• Supplied material:
- - - -

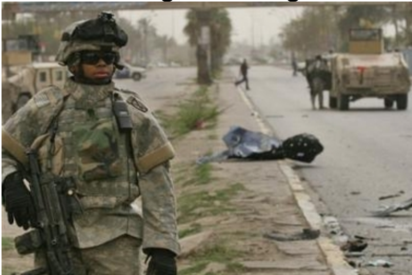
U.S. soldier at the site of a car bomb explosion, in Baghdad March 9, 2006.
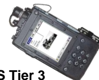
EKMS Tier 3
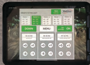
Wi-Fi controls for tablet or iPad
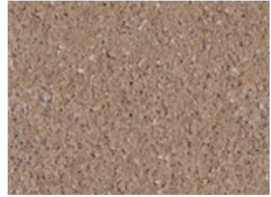
stony warm sandstone

- - - -

• Instructions for the task:
Write out verbatim the lines from the one containing "Wi-Fi controls for tablet or iPad" through the last line of the listing above, and no other lines; omit pictures.

• Your solution:
Wi-Fi controls for tablet or iPad
stony warm sandstone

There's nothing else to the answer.